**Work request:** One exact copy of the listing, minus the images, is the required answer.

##########

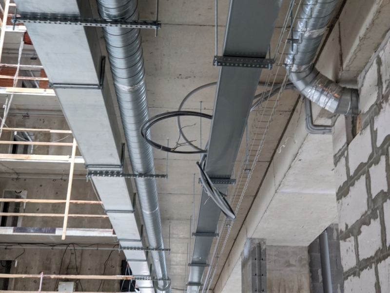 Работы по проведению отопления, монтаж вентиляции, продолжение фасадных отделочных работ
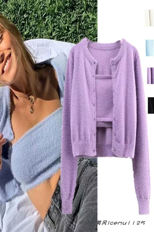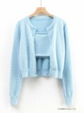 Бархатный топ без лямок, кардиган, комплект с круглым воротником, трикотажный свитер, короткая футболка, по фигуре
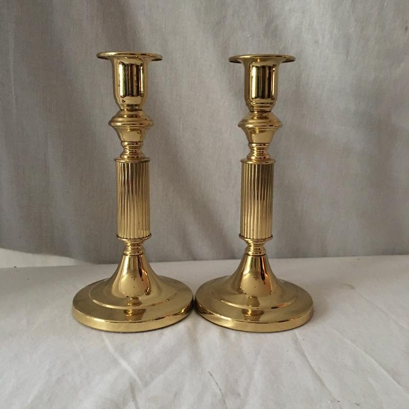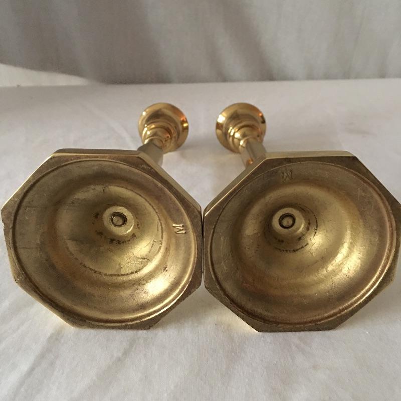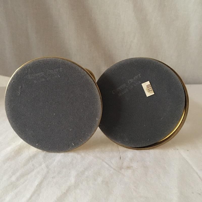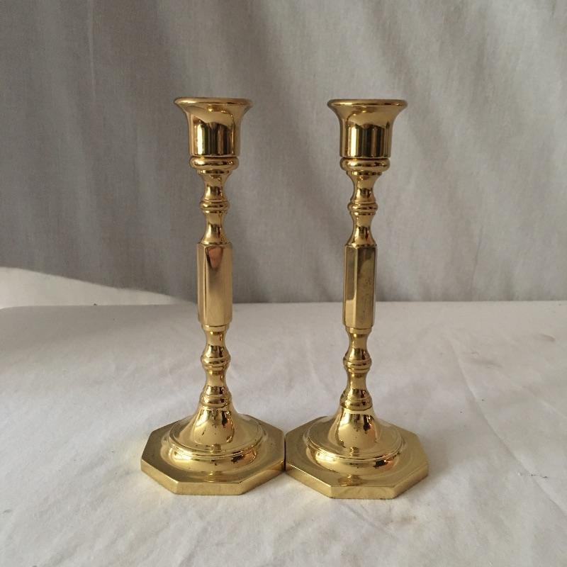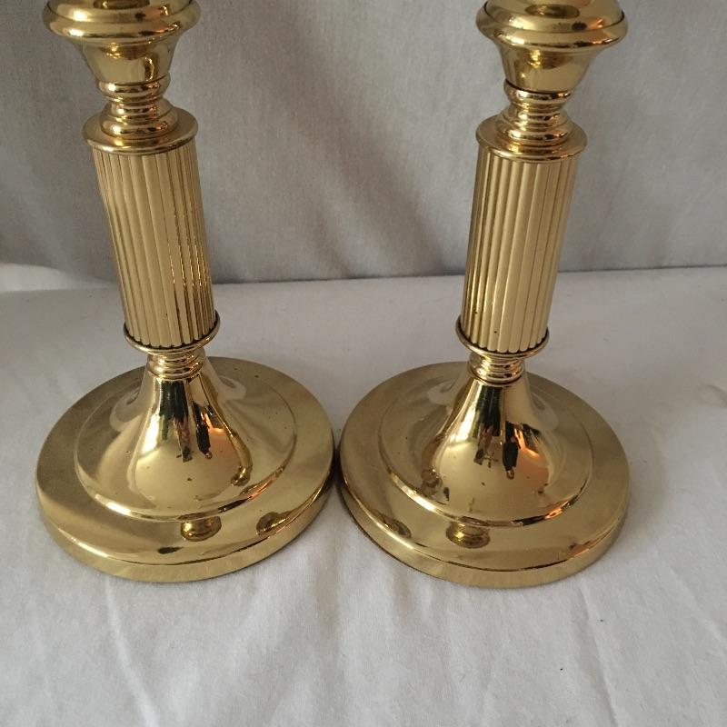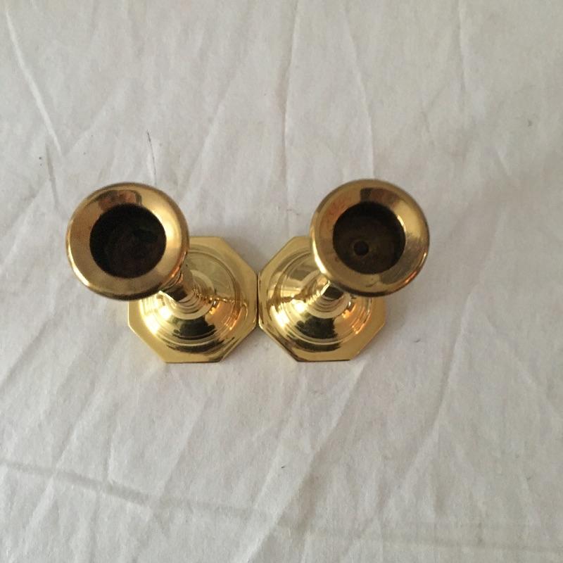 Brass dual bulb lamp and two pair of brass candlesticks. This lamp has a unique style that almost looks like two brass instruments! Lamp measures 19.5” tall. All pieces are in great condition and heavy. Lamp worked when tested.
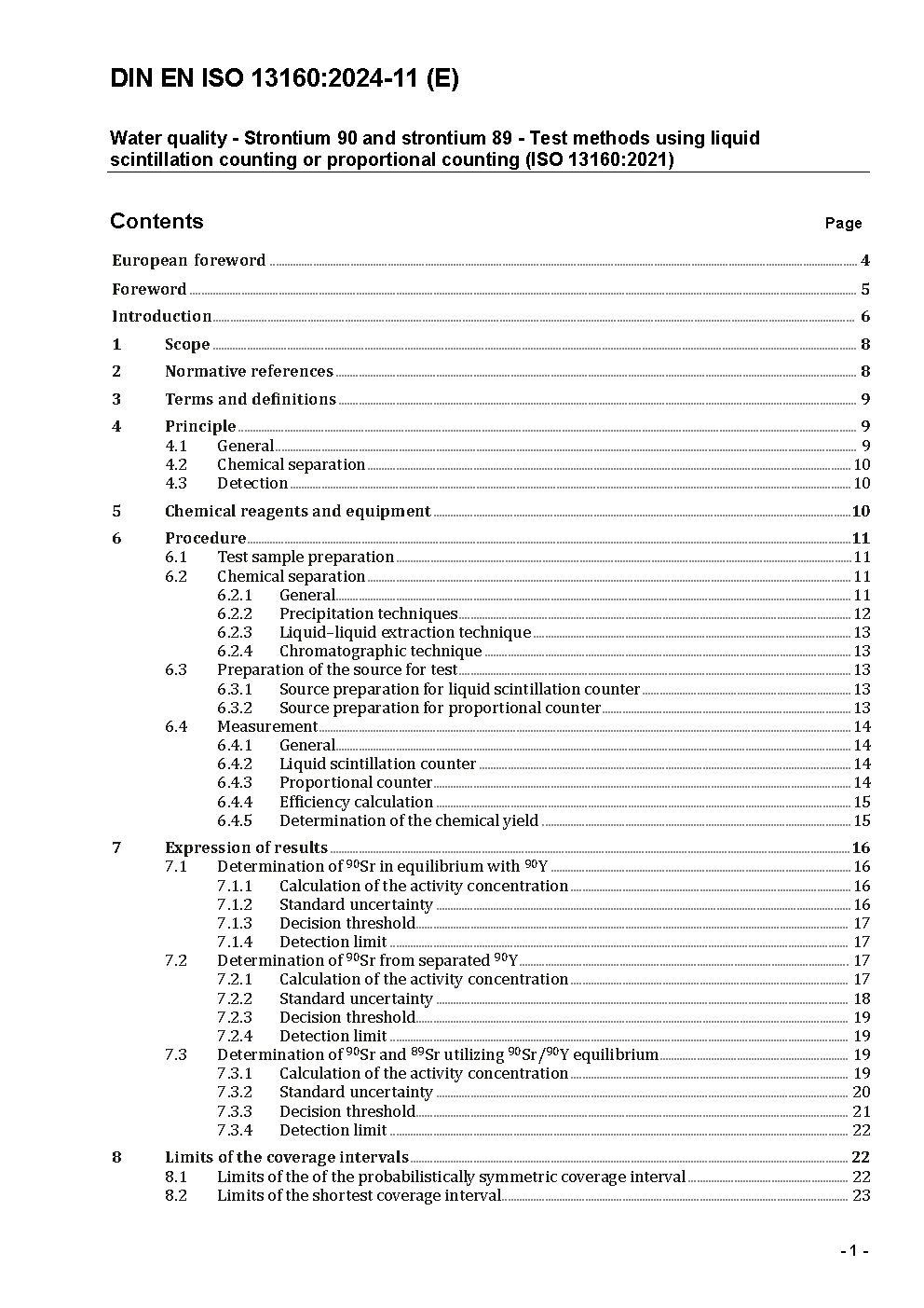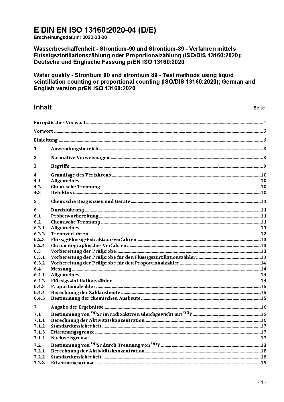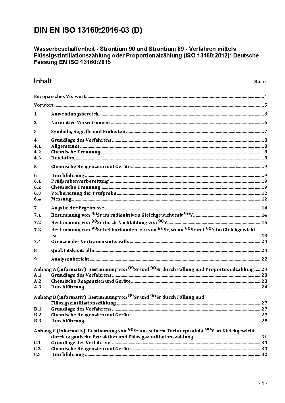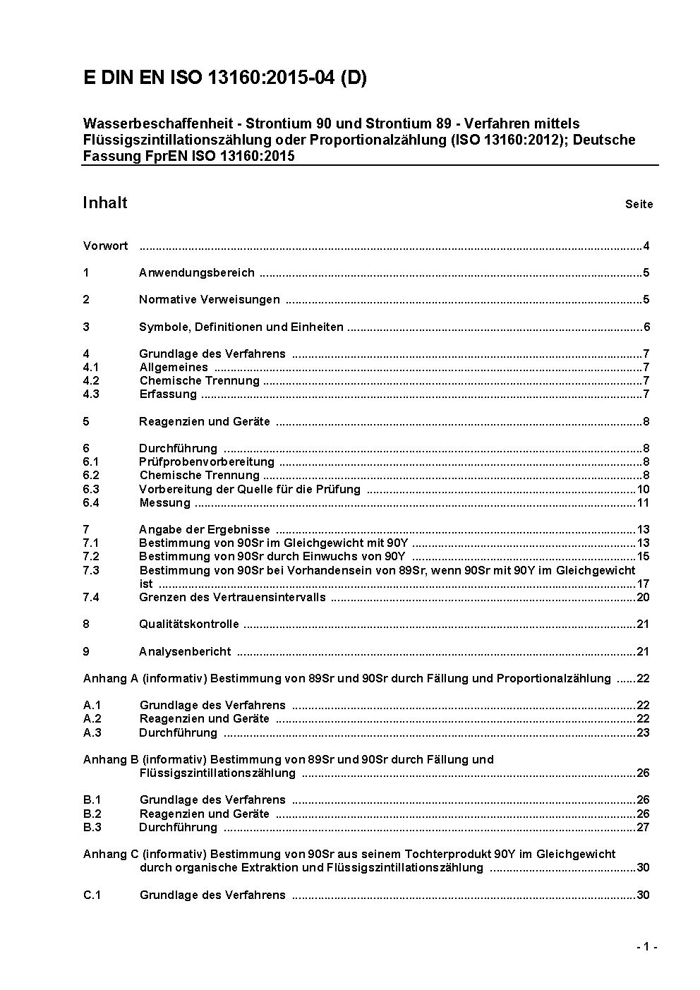 Wasserbeschaffenheit - Strontium 90 und Strontium 89 - Verfahren mittels Flüssigszintillationszählung oder Proportionalzählung (ISO 13160:2012); Deutsche Fassung EN ISO 13160:2015
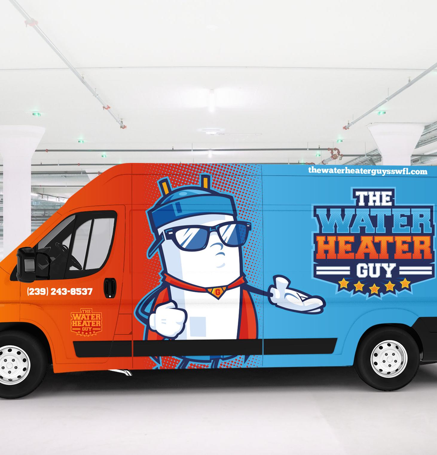 The Water Heater Guy is a trusted plumbing company in South West Florida (Lee, Collier, Charlotte & Sarasota Counties) that offers superior and reliable repairment service. Miguel hired me to redesign his old mascot illustration and cartoon logo. I used their old mascot as reference improving the graphic quality while I completely redesigned their logo.
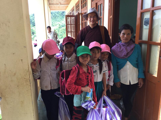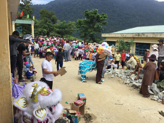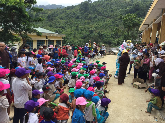 Ngoài ra đoàn đã tổ chức Múa Lân, vui chơi, cắt tóc và móng tay cho các cháu nhỏ, những mạnh thường quân tháp tùng theo đoàn cũng đã đem tặng trực tiếp những món quà ý nghĩa cho đồng bào và trẻ em cấp 1 nơi đây… Xã Trà Vinh, huyện Nam Trà My, cách TP Đà Nẵng hơn 200 km, cả đi lẫn về hơn 400km, đường đi quanh co, núi đèo nhưng quý Phật tử trong đoàn dù mỏi mệt nhưng tinh thần lại hân hoan vì đã có một chuyến hành trình thật trọn vẹn ý nghĩa…
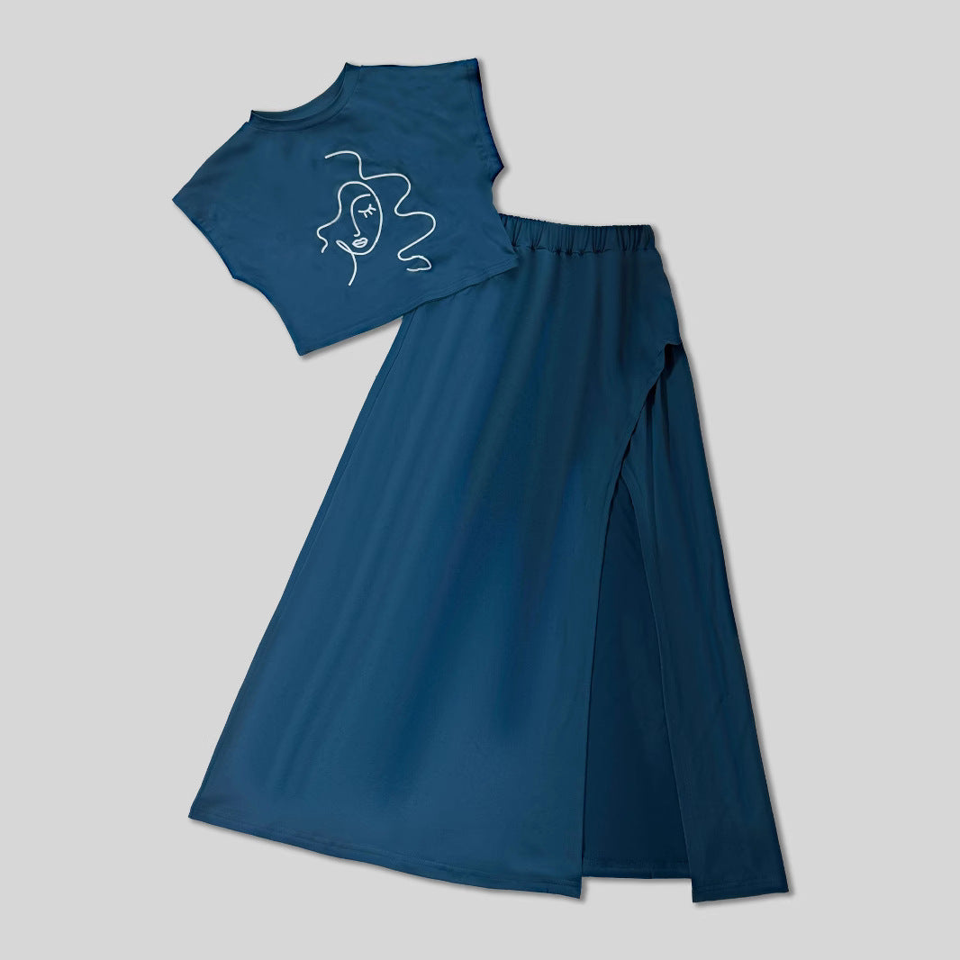 Damen Zweiteiliges Outfit mit cropped Oberteil und hohem Schlitzrock Stalluxe
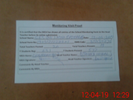 | EMIS Code: 35430276 | Name of School: GES MC MOHALLAH QADIR ABAD SHAH COLONY | |||
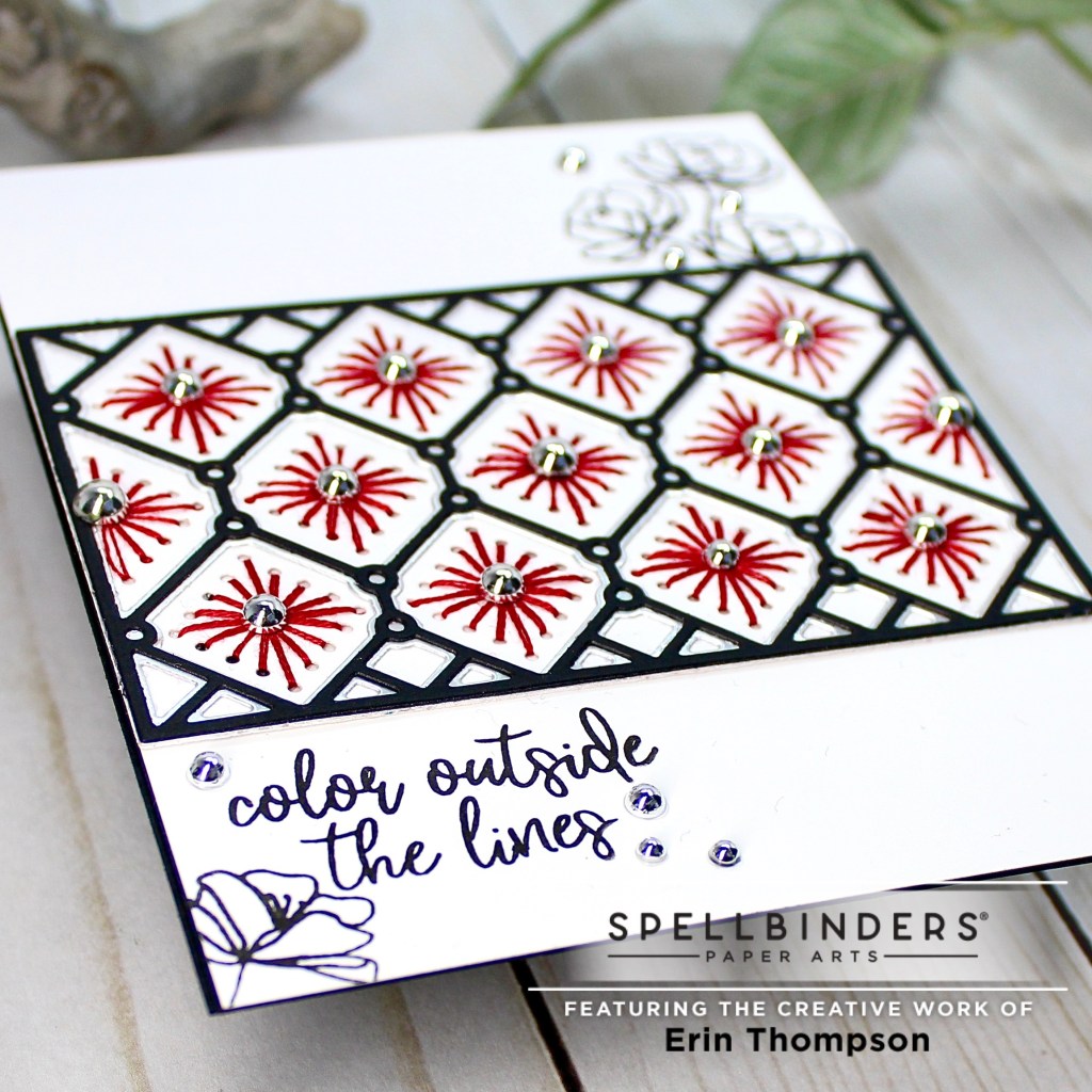 How pretty is the black, red, and silver on this card? Also, I used the Stamp of the Month to add the stamped images and sentiment. I love how easy it is to create a card with the Spellbinders’ monthly kits.
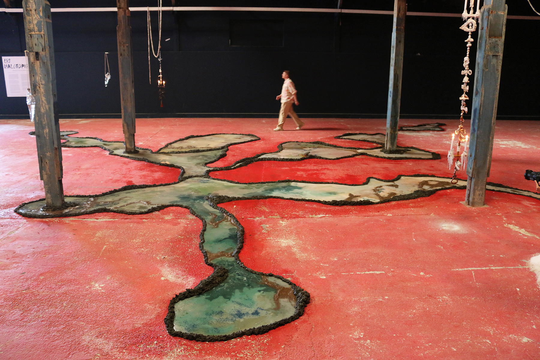 « Charlotte Gautier Van Tour déploie au sol une installation, intitulée Les Territoires des Vies Minuscules. Celle-ci est évolutive, vivante, ses matières sont celles des vies microbiennes qui enrichissent le vivant des Salins, ses formes s’inspirent des bassins de collecte qui sont des biotopes riches en biodiversité et à ce titre des trésors à préserver. L’installation témoigne d’un lien de symbiose avec les éléments de nature. L’artiste laisse à ses minuscules êtres leur part d’autonomie dans sa création, leur droit fondamental à nous surprendre et nous émerveiller. » Christopher Yggdre

##########

**Result for this task:**
 Работы по проведению отопления, монтаж вентиляции, продолжение фасадных отделочных работ
 Бархатный топ без лямок, кардиган, комплект с круглым воротником, трикотажный свитер, короткая футболка, по фигуре
 Brass dual bulb lamp and two pair of brass candlesticks. This lamp has a unique style that almost looks like two brass instruments! Lamp measures 19.5” tall. All pieces are in great condition and heavy. Lamp worked when tested.
 Wasserbeschaffenheit - Strontium 90 und Strontium 89 - Verfahren mittels Flüssigszintillationszählung oder Proportionalzählung (ISO 13160:2012); Deutsche Fassung EN ISO 13160:2015
 The Water Heater Guy is a trusted plumbing company in South West Florida (Lee, Collier, Charlotte & Sarasota Counties) that offers superior and reliable repairment service. Miguel hired me to redesign his old mascot illustration and cartoon logo. I used their old mascot as reference improving the graphic quality while I completely redesigned their logo.
 Ngoài ra đoàn đã tổ chức Múa Lân, vui chơi, cắt tóc và móng tay cho các cháu nhỏ, những mạnh thường quân tháp tùng theo đoàn cũng đã đem tặng trực tiếp những món quà ý nghĩa cho đồng bào và trẻ em cấp 1 nơi đây… Xã Trà Vinh, huyện Nam Trà My, cách TP Đà Nẵng hơn 200 km, cả đi lẫn về hơn 400km, đường đi quanh co, núi đèo nhưng quý Phật tử trong đoàn dù mỏi mệt nhưng tinh thần lại hân hoan vì đã có một chuyến hành trình thật trọn vẹn ý nghĩa…
 Damen Zweiteiliges Outfit mit cropped Oberteil und hohem Schlitzrock Stalluxe
 | EMIS Code: 35430276 | Name of School: GES MC MOHALLAH QADIR ABAD SHAH COLONY | |||
 How pretty is the black, red, and silver on this card? Also, I used the Stamp of the Month to add the stamped images and sentiment. I love how easy it is to create a card with the Spellbinders’ monthly kits.
 « Charlotte Gautier Van Tour déploie au sol une installation, intitulée Les Territoires des Vies Minuscules. Celle-ci est évolutive, vivante, ses matières sont celles des vies microbiennes qui enrichissent le vivant des Salins, ses formes s’inspirent des bassins de collecte qui sont des biotopes riches en biodiversité et à ce titre des trésors à préserver. L’installation témoigne d’un lien de symbiose avec les éléments de nature. L’artiste laisse à ses minuscules êtres leur part d’autonomie dans sa création, leur droit fondamental à nous surprendre et nous émerveiller. » Christopher Yggdre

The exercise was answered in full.